The fish could pose a significant problem for the local brown trout population, as well as four endangered species of fish further downstream, said Lori Martin, an aquatic biologist with Colorado Parks and Wildlife. Northern pike, she explained, are toward the top of the food chain among freshwater fish, which can lead to population growth in the proper environment.



Since 2012, steps have been taken to reduce the inflow of nonnative fish — including the installment of a screen below the Rifle Gap Reservoir in 2014 and the continued mechanical removal of the pike from the gravel pit — but local, state and federal partners are still trying to come up with a solution that all stakeholders can agree to.

Containing and eliminating invasive species is becoming an increasingly urgent problem here and elsewhere in the Upper Colorado River Basin.



For decades, state agencies, businesses and others stocked water sources with nonnative fish that anglers found desirable, said Brent Uilenberg, Technical Services Division manager with the Bureau of Reclamation Upper Colorado Region.

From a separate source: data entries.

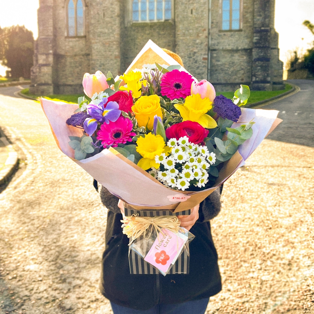 Spring has sprung! A bright and cheery handtied selection of spring blooms in yellows, purples and cerise pink.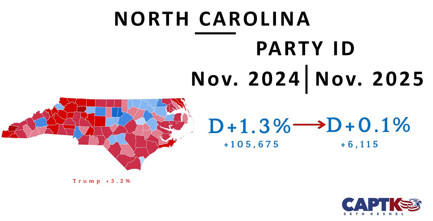 The next GOP presidential candidate, if these trends persist, should carry North Carolina by 5 or more points.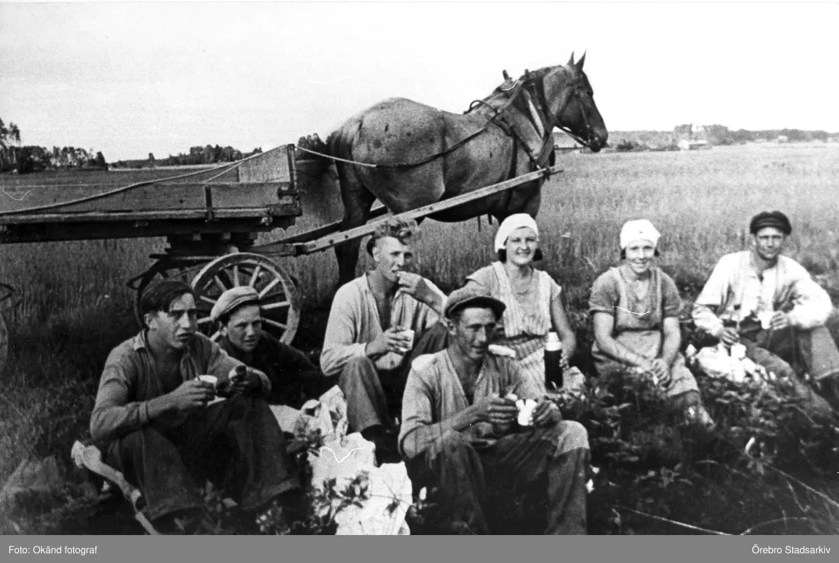 Kaffepaus i skördearbete på Anderssons gård i Förlunda, 1930-tal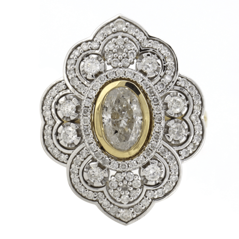 The Centre Features, One Oval Modified Brilliant Cut, Diamond (1.00Ct, H-I Colour, P2 Clarity), Bezel Set. Encompassing The Design Are, 108 Round Brilliant Cut, Diamonds (0.81Ct Tdw, G-I Colour, Si2-P2 Clarity), Bead/Claw Set. Ring Size O.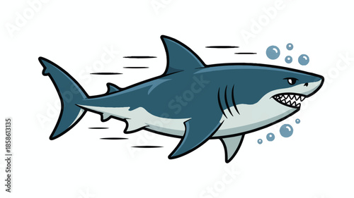 Fototapeta premium A stylized cartoon illustration of a great white shark swimming underwater.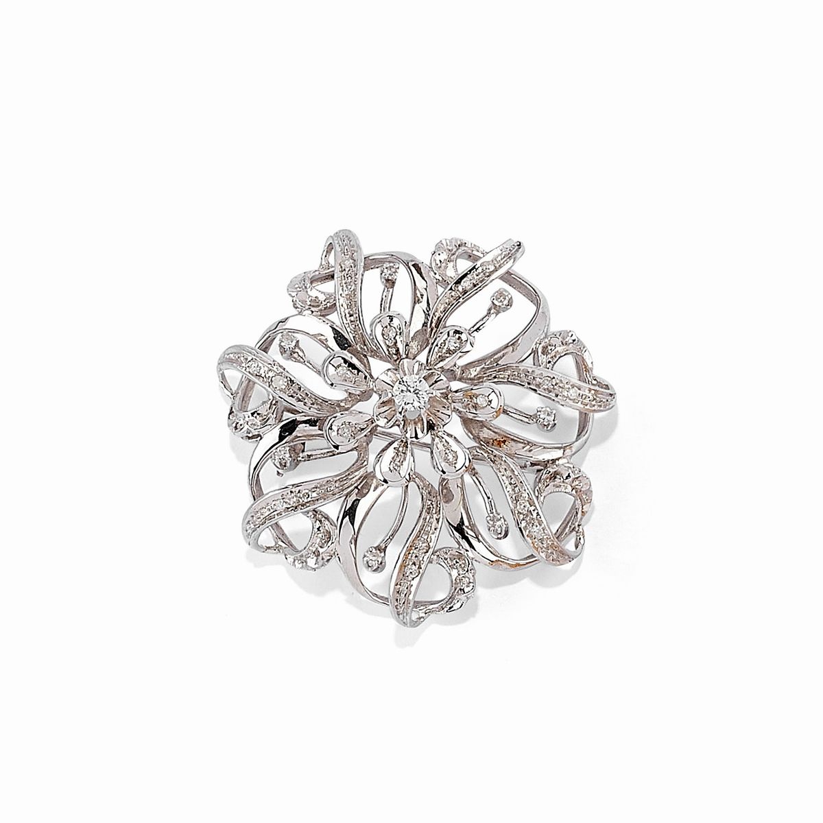 in oro bicolore 18K, una floreale con diamanti taglio brillante e huit-huit, l'altra realizzata a raggiera con microperle e diamanti taglio vecchio, al centro cammeo scolpito.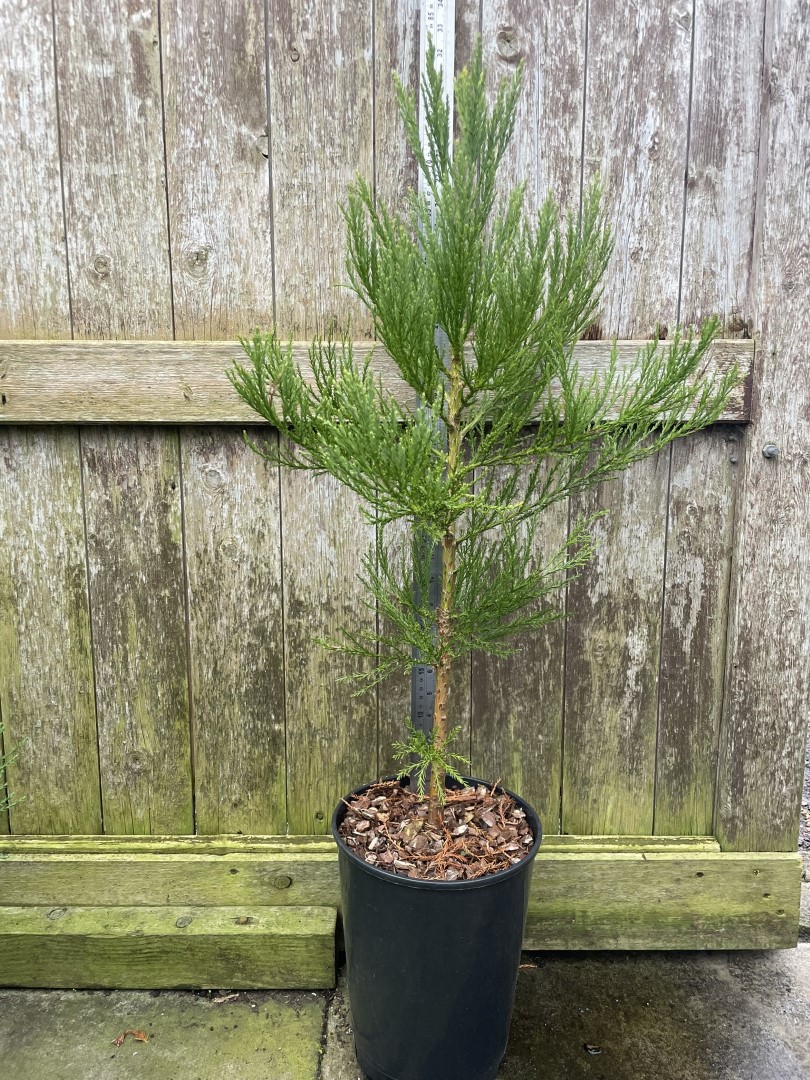 Plant your Giant Redwood – Sequoiadendron giganteum in well-drained soil in full sun to partial shade. While adaptable to most soil types, they prefer slightly acidic to neutral conditions. Water regularly when young, particularly during dry spells, though established trees become remarkably drought tolerant. No regular pruning is needed as they naturally form their classic shape. A yearly feed with a balanced fertiliser in spring will support healthy growth. Although hardy when mature, young trees benefit from shelter against strong winds.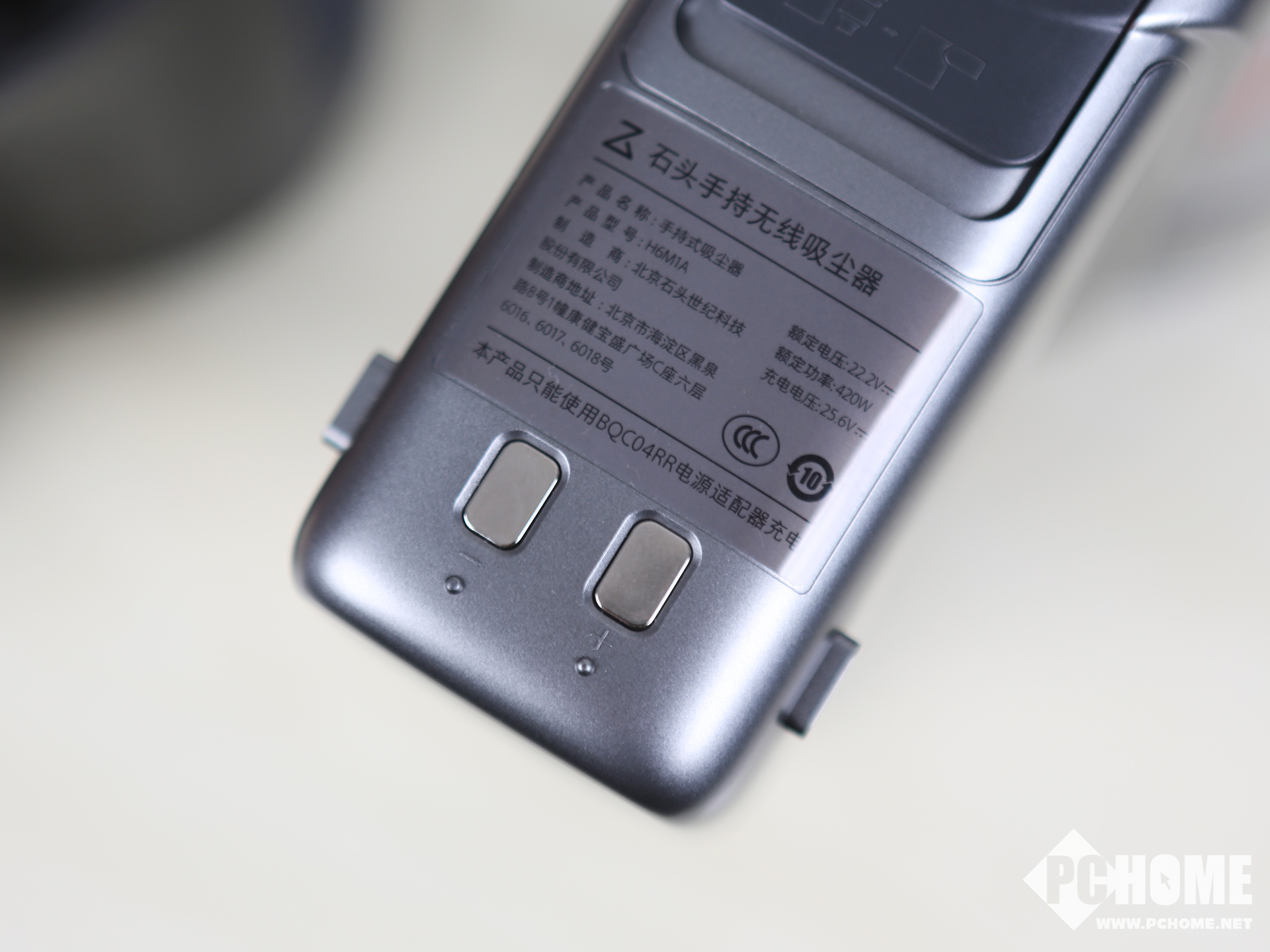 综合来看,石头扫地机器人H6的手柄部分设计还是比较合理的,一只手就可以完全搞定且无需直接接触尘盒就可以将灰尘倾倒。电池仓部分,石头科技并没有选择常规的18650电芯,而是选择了聚合物锂电池,这样的好处就是电池密度更高,且重量更轻,对于一款手持无线吸尘器来说体验提升会非常明显。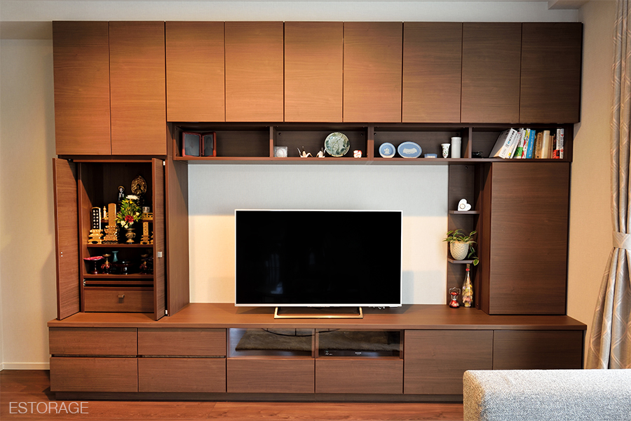 とにかく提案いただく内容には関心するばかり。仏壇が家具の中にスッキリ収まって、部屋全体に合うようにコーディネートされた壁面収納が出来上がってとても満足しています。

Once people started realizing that these fish were “wiping out the native species,” the attention turned to control and in some cases eradication, he added.

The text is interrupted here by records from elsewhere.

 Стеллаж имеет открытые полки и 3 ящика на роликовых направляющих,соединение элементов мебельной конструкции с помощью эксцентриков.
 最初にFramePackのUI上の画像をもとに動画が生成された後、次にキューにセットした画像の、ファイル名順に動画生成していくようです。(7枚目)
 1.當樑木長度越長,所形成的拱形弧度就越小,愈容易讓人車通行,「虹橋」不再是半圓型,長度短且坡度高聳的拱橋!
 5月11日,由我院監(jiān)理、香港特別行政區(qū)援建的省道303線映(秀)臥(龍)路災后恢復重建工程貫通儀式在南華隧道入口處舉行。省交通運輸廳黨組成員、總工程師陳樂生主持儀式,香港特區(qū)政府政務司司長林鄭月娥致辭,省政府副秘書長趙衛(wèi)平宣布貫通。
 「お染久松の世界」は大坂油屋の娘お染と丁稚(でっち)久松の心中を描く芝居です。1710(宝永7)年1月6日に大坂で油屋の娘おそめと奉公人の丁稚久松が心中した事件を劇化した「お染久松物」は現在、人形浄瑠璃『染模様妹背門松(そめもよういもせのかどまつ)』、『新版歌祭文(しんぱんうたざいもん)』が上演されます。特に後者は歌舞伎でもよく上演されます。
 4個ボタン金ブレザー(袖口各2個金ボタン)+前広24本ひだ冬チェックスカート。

In the case of the Upper Colorado River Basin, those native species include the humpback chub, bonytail chub, Colorado pikeminnow and the razorback sucker — all four are listed as endangered under the federal Endangered Species Act.

Efforts to restore those populations led to the formation of the Upper Colorado River Endangered Fish Recovery Program in 1988. The recovery program brings local, state and federal agencies in Colorado, Utah and Wyoming together with water and energy interests, as well as environmental groups, “to recover endangered fish in the Upper Colorado River Basin while water development proceeds in accordance with federal and state laws and interstate compacts,” according to the program’s website.

A basin-wide strategy — released by the recovery program in February 2014 — for controlling nonnative and invasive species listed the removal of the pike from the Colorado River basin and reservoirs feeding the river as a high priority. That same 160-page report noted that northern pike “are now established in the Colorado River near Rifle and in gravel pits upstream, and will likely invade downstream, rapidly increasing their distribution and abundance if allowed to persist.”

There is growing sense of urgency when it comes to constraining and eradicating invasive species, said Sherman Hebein, senior aquatic biologist for Colorado Parks and Wildlife Northwest Region. All but one of the four endangered species faces a high degree of threat, according to the most recent documents compiled by the U.S. Fish and Wildlife Service. The reports also show that recovery efforts for each fish could come into conflict with economic activities.

“The pond (in Rifle) is an important place and securing it is an important step for us to take,” Hebein said.

However, that step is still a work in progress. The gravel pit — which is privately owned — is located within Rifle’s watershed district, which was created to protect the city’s water supply; primarily the Colorado River. Recovery program agencies, including the Bureau of Reclamation and Colorado Parks and Wildlife, suggested plugging two overflow channels running between the river and the pit, but the city concluded that would not comply with best management practices for the watershed district.

When the original mining plan that led to the creation of the pond was developed, it was designed with overflow channels to keep the river’s water level on par with the pond, explained Jeff Simonson, principal with SGM and contractor for the city of Rifle. Plugging the overflow channels would cause further erosion of the banks during high water, eventually changing the location of the river, which could have adverse on the city’s water intake.

The concerns are valid, said the Bureau of Reclamation’s Uilenberg, but the pike problem persists.

Colorado Parks and Wildlife will continue monitoring and mechanically removing — a process that usually involves setting nets targeted for the species or electrofishing — the pike from the pond and the Colorado River, while the different stakeholders work on determining “the best plan of attack,” Martin said. “At this point it’s still in the early stages.”